Many areas of scientific computing either produce or consume large amounts of data: storing and accessing that data is a major task in itself, especially as it may involve distributed storage. EPCC has been involved in many projects developing or using data standards, and has deployed large-scale data management infrastructures for a number of research groups.

Example Projects

     

  • OGSA-DAI

    Since 2002 the OGSA-DAI Project has been working to develop an effective solution to the challenge of Internet-scale data integration. The product - OGSA-DAI™ - is a middleware bundle that allows data resources, such as file systems, relational or XML databases, to be accessed, federated and integrated across the network. More details can be found here.

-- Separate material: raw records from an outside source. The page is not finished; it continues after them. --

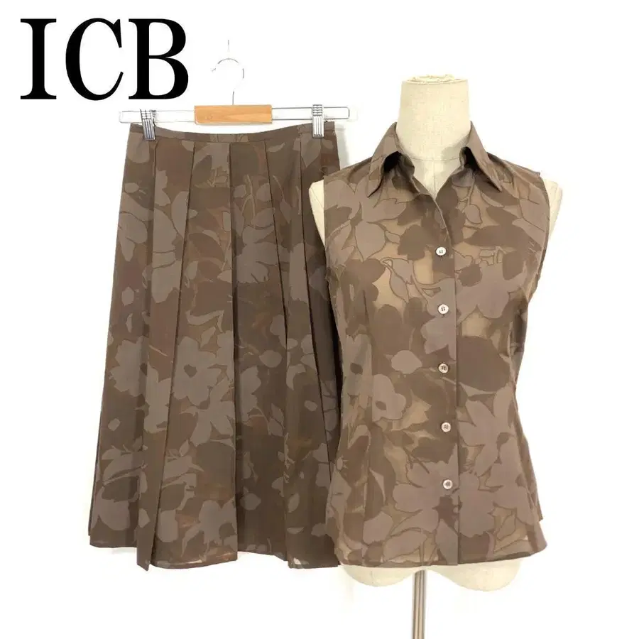 LA8141 아이씨비 스커트 셋업 면 슬리브리스 브라운 4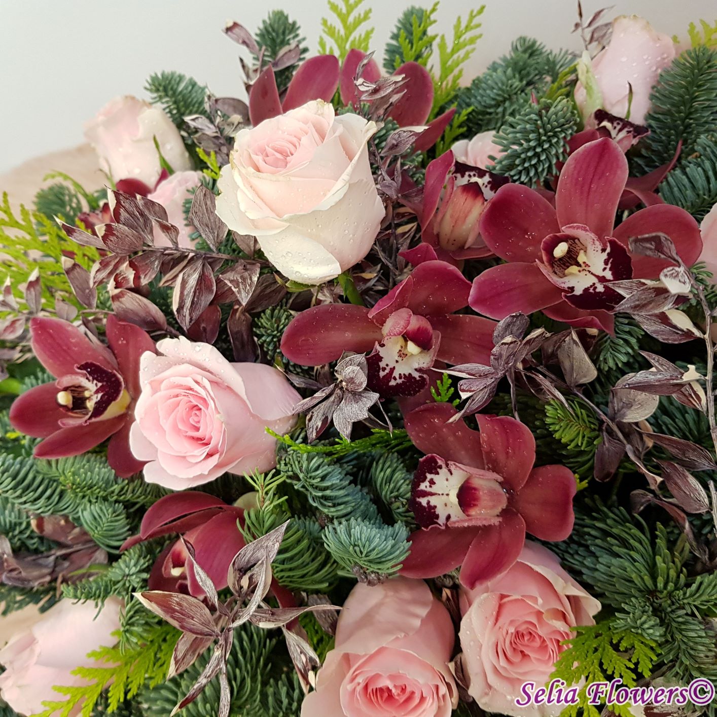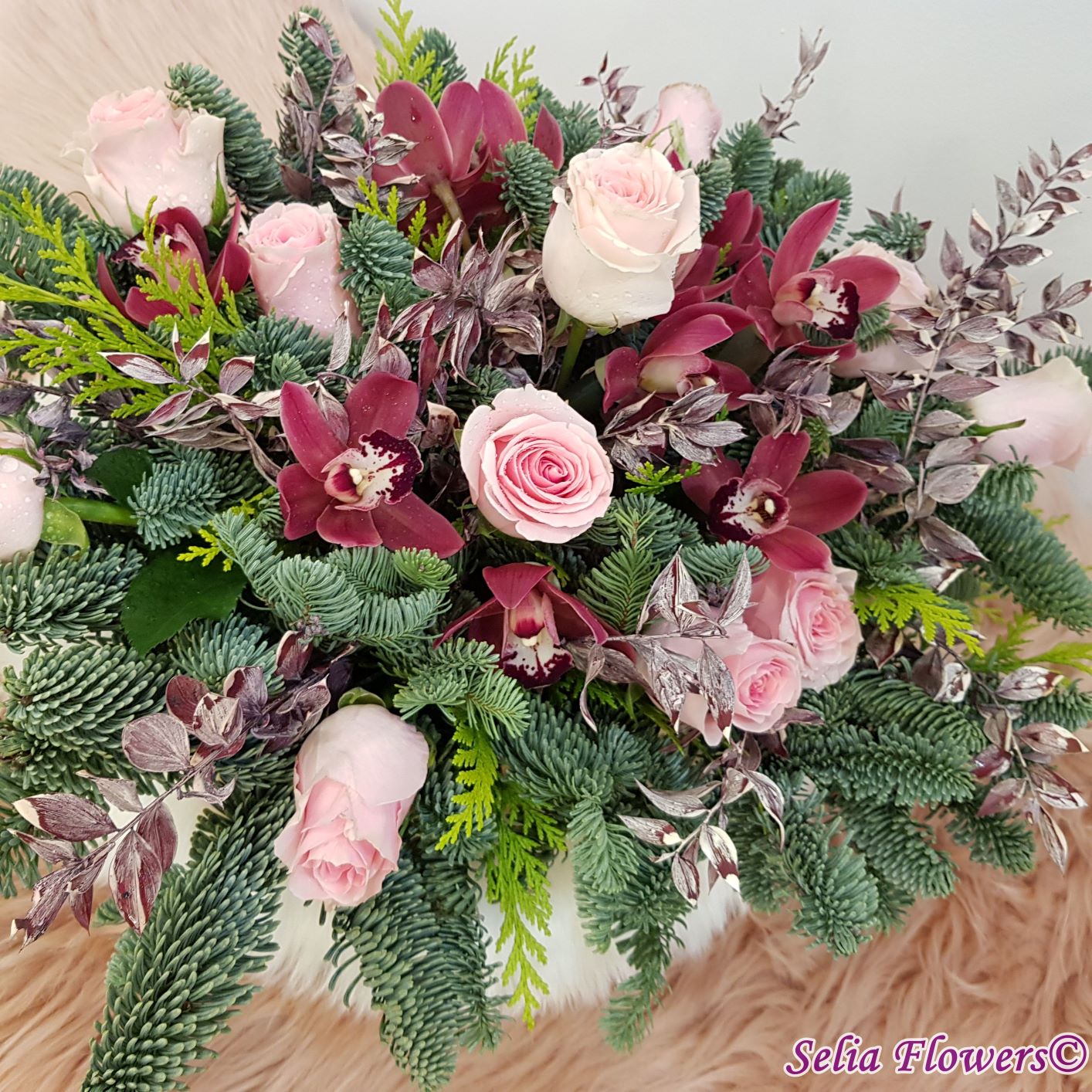 Compozitie: brad nobilis blue, tuia, 12 trandafiri, 10 cupe miniorhidee, ruscus natural stabilizat și vopsit.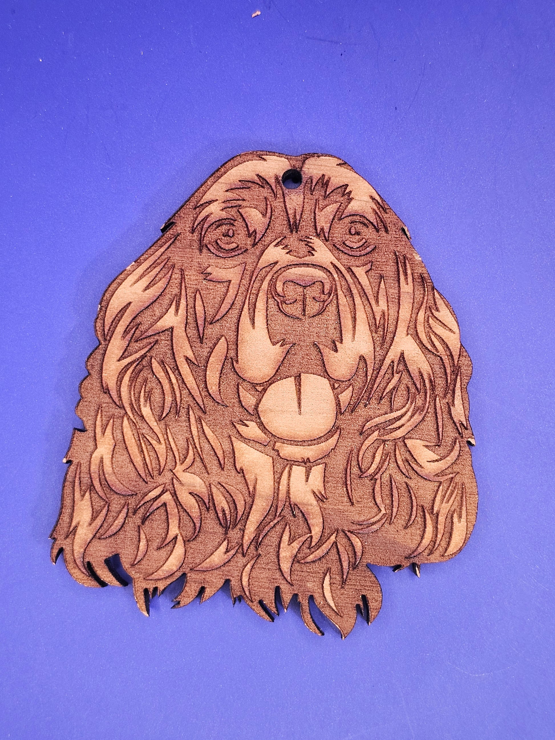 Handcrafted from aromatic red cedar, this Cocker Spaniel ornament showcases meticulous detail achieved through precision laser engraving. Each line and feature is rendered with technical accuracy, capturing the breed's characteristic expression and coat texture. The natural cedar wood offers a beautiful aroma, while the engraved details remain crisp and defined. The perfect gift to share with a friend.

  • LaQuAT - Linking and Querying Ancient Texts

    LaQuAT was a collaboration between EPCC and the Centre for e-Research Kings College, London and was funded by JISC via the ENGAGE project. The project focused on linking epigraphic databases using the OGSA-DAI data management product. Epigraphy is the study of ancient texts e.g. books, papryi, or inscriptions on stone tablets. Information about these texts (what they are, where they were found, when they date from etc) are stored in databases.

    EPCC customised OGSA-DAI to run queries over distributed epigraphic databases as if they were a single virtual database. We also demonstrated how OGSA-DAI allows researchers to augment third-party read-only databases with their own data sets. The project highlighted the strengths and weaknesses of OGSA-DAI’s ability to handle real-life data and these are guiding current development. KCL developed an appreciation of the issues involved in sharing data. As a result of this project both EPCC and KCL enjoy a close ongoing relationship.

  • DiGS - Distributed Grid Storage

    DiGS is a distributed-data management system that combines commodity storage resources — such as RAID systems and Storage Area Networks — into a large-scale, unified file repository, which is presented to the end-user through an easy-to-use, lightweight client toolkit. The DiGS application is built on top of the Globus Toolkit and the EGEE application stack. More information can be found here.